Fat, and Happy About It

Despite the health risks of obesity, activists demonstrate against weight-loss surgery, which they say is dangerous, demeaning.

By Lisa Richardson, Times Staff Writer

The newspaper ad inviting fat people to learn about El Camino Hospital's new weight-loss surgery program held out the opportunity to be not just a thinner person, but a better one.

"It's not what you have to lose," the Mountain View, Calif., hospital ad said. "It's what you have to gain. Pride. Dignity. And Better Health."

Marilyn Wann, 5-feet-5, 270 pounds and darn proud of it, scanned the ad and fumed: How dare they imply that fat people are not proud, or that dignity is reserved for the thin? Wann threw down the newspaper. Then she smiled and began to e-mail her friends.

At the hospital's weight-loss surgery workshop in October, Wann and a handful of others blended into the crowd, most of them at least 100 pounds heavier than doctors say they should be. They listened to the surgeons — then Wann blew a whistle.

The infiltrators jumped up, whipped off their clothes and, clad only in bathing suits (Wann in a pink two-piece), danced through the stunned audience with the words "Fat+Pride" and "Fat+Dignity" marked on their stomachs.

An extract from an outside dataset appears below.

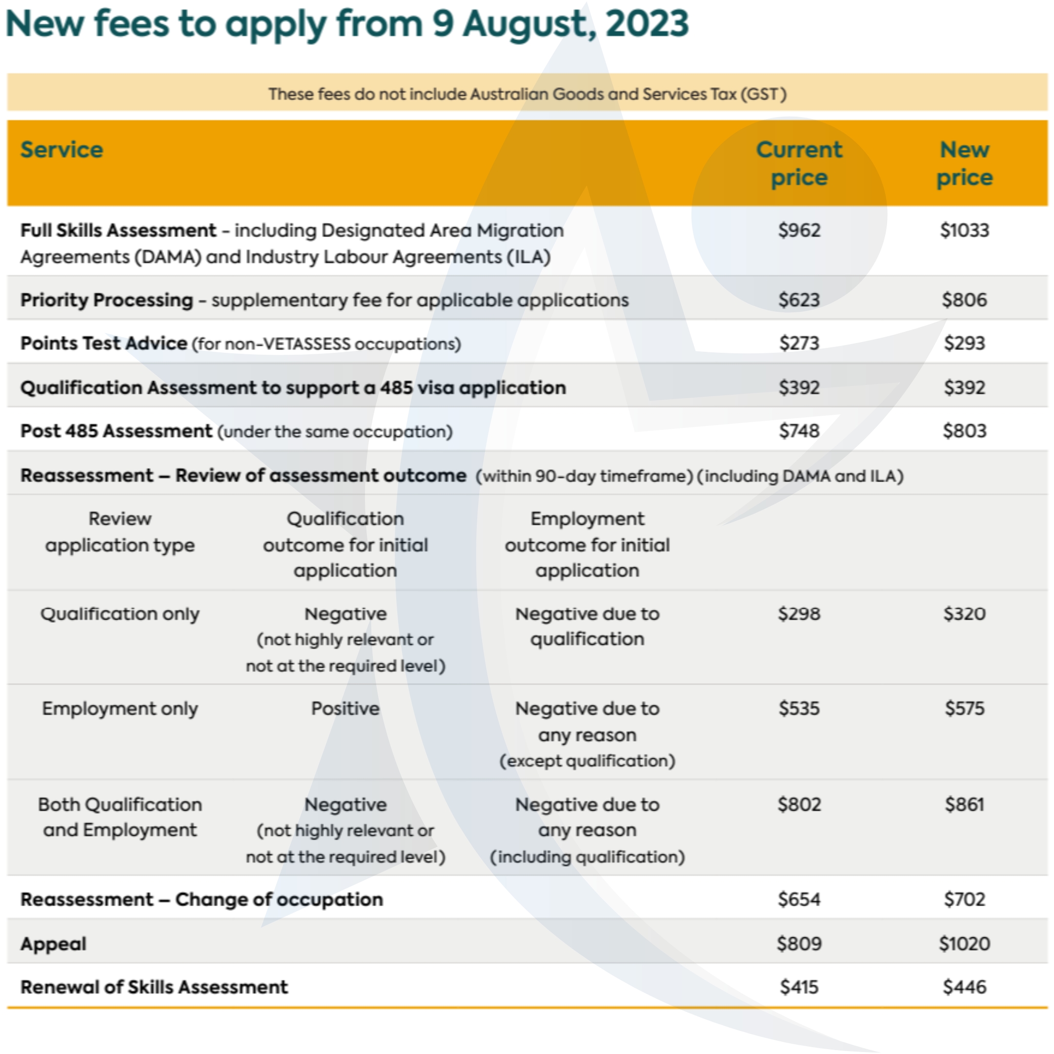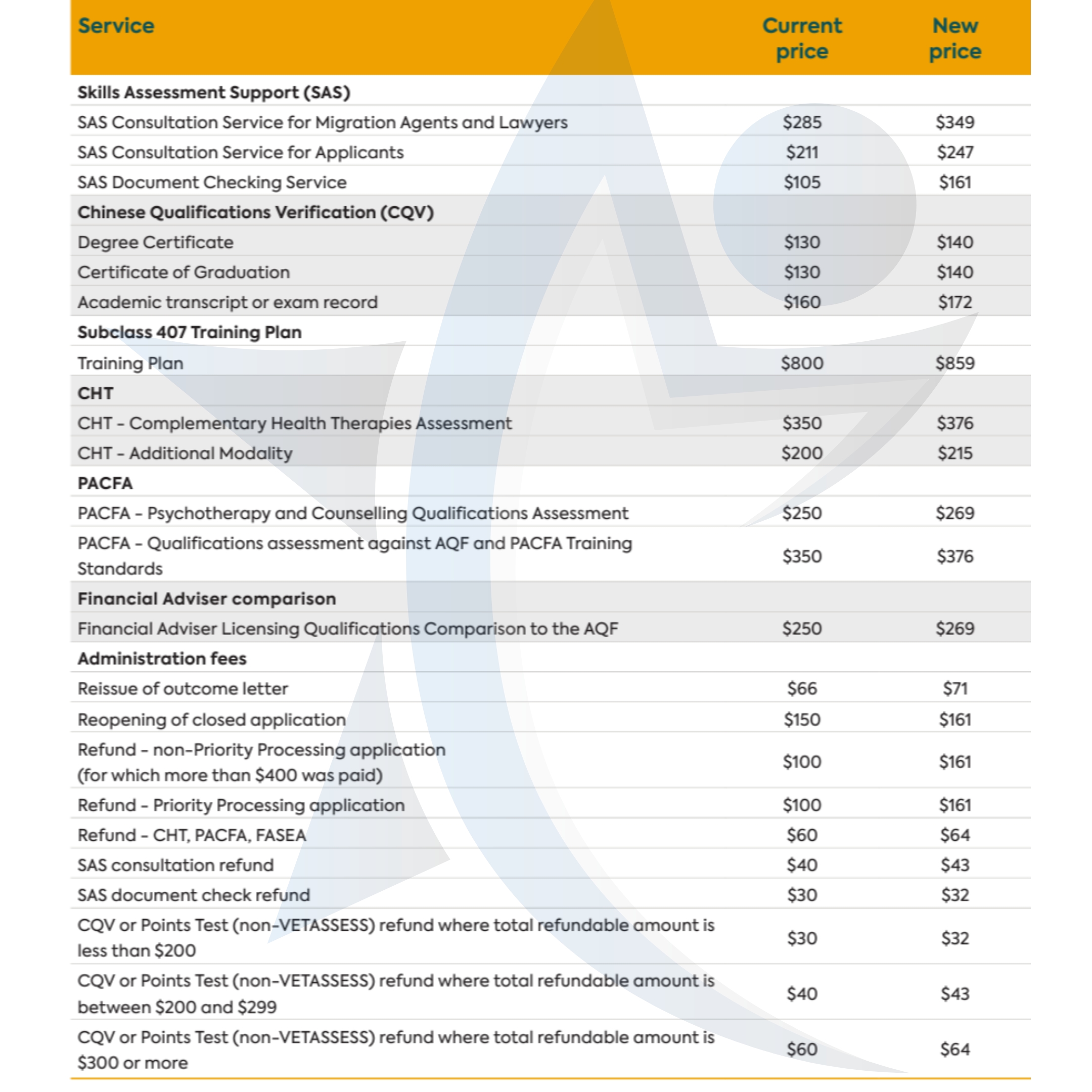 از تاریخ 9 آگوست 2023 هزینه های جدید اسسمنت سازمان وتاسس تغییر کرده و متقاضیان با قیمت های جدید بررسی میشود.

The pro-fat parade may not have swayed many at the workshop. But it was an ample demonstration that activists in the fat acceptance movement, as it is sometimes known, were galvanizing against a medical procedure they consider dangerous and demeaning.

Doctors agree that weight-loss — or bariatric — surgeries involve risks, but also argue that for now they are the most effective way for extremely obese people to shed pounds over the long term. The most common type of bariatric surgery is the gastric bypass, in which the stomach is sectioned off, leaving a small pouch at the top that severely limits food intake.

The American Society of Bariatric Surgeons estimates that 103,200 weight-loss surgeries were performed in 2003 and that the number will swell to 144,000 this year.

The surgery is recommended only for people who are at least 100 pounds overweight. Afterward, patients are warned to limit their food intake and to exercise regularly for the rest of their lives.

Many patients are lured to the surgical solution by celebrity success stories, dramatic before-and-after pictures, and promises of small scars — instead of the Frankenstein weals of the 1970s and '80s. Demand is so great that the wait at some hospitals is a year or more.

General surgeons are diving into the business of weight loss: The bariatric surgeons association grew 39% from 2001 to 2002 and 43% from 2002 to 2003.

The society, which provides guidelines but not credentials to surgeons, now has about 1,200 members.

Against this trend stand a handful of organizations such as the National Assn. to Advance Fat Acceptance, the Council on Size and Weight Discrimination, and the International Society for Size Acceptance. More obscure fat pride groups include SeaFattle in Seattle; Pretty, Porky and Pissed Off in Toronto, and the Bod Squad in San Francisco — a radical cheerleading group.

The stalwarts — those who dive into discrimination lawsuits, attend obscure medical conferences on obesity or make talk show appearances — know one another.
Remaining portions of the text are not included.